Выводы для теории права и правовой политики

Представляется весьма продуктивным введенный Кондильяком в научный оборот термин «чрезмерное изобилие». Во-первых, этот термин вновь возвращает нас к тривиальной необходимости соблюдать основные принципы количественной теории денег. Изобилие денег и других финансовых инструментов ведет к их удешевлению и в конечном итоге к снижению эффективности их применения.

Во-вторых, в менее тривиальном смысле и применительно к финансовой деятельности государства этот термин может означать, что «изобилие» финансового интервенционизма в пользу конкретной программы может иметь обратную сторону в том смысле, что другие важные программы могут страдать от недостатка государственной поддержки. В конечном итоге термин «чрезмерное изобилие» указывает на необходимость соблюдать народно-хозяйственные пропорции, о которых говорил еще Буагильбер.

Быть может, некоторым упущением теории ценности Кондильяка является то, что он не использует термин «достаток». Вероятно, он не захотел усложнять исходную триаду терминов («чрезмерное изобилие», «изобилие» и «недостаток»). Это позволило ему сохранить ясность и лаконичность стиля. Как бы то ни было, достаток можно определить как представление о приблизительном соответствии между суммой потребностей и суммой наличных благ, необходимых для удовлетворения этих потребностей. Достаток всегда мыслится как расплывчатая величина в относительно эластичной зоне между полюсом изобилия и полюсом недостатка.
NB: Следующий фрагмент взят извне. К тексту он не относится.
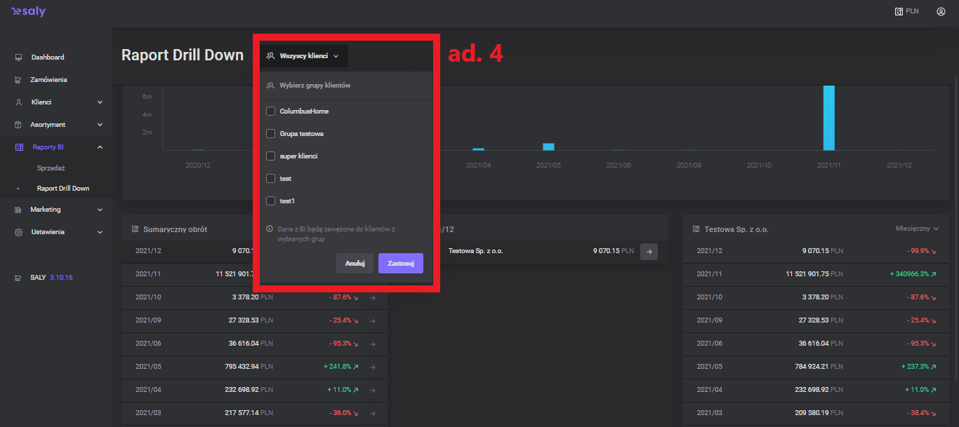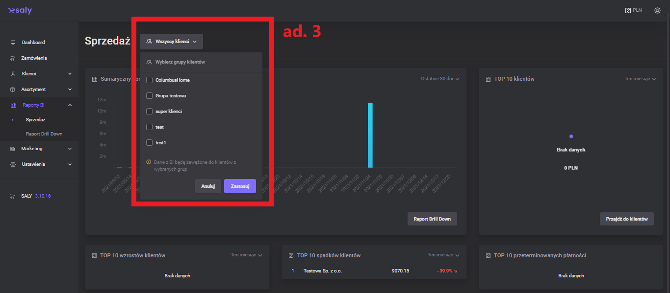 1.0 Pierwsza wersja instrukcji. | 07.03.2022 | sprzedaż, sumaryczny obrót klientów, top 10, zmiana przedziału czasowego, generowanie raportów, raport drill down |

При прочих равных условиях для одного оценивающего субъекта достаток начинается сразу у нижней границы этой зоны, в непосредственном и рискованном соседстве с недостатком. Для другого – слишком осторожного – субъекта достаток является почти синонимом изобилия. В терминах рыночной экономики первого оценивающего свои возможности субъекта можно определить как носителя предпринимательской идеологии. Второй субъект скорее заслуживает название капиталиста, предпочитающего действовать наверняка и выходить на рынок лишь при наличии большого резерва ресурсов.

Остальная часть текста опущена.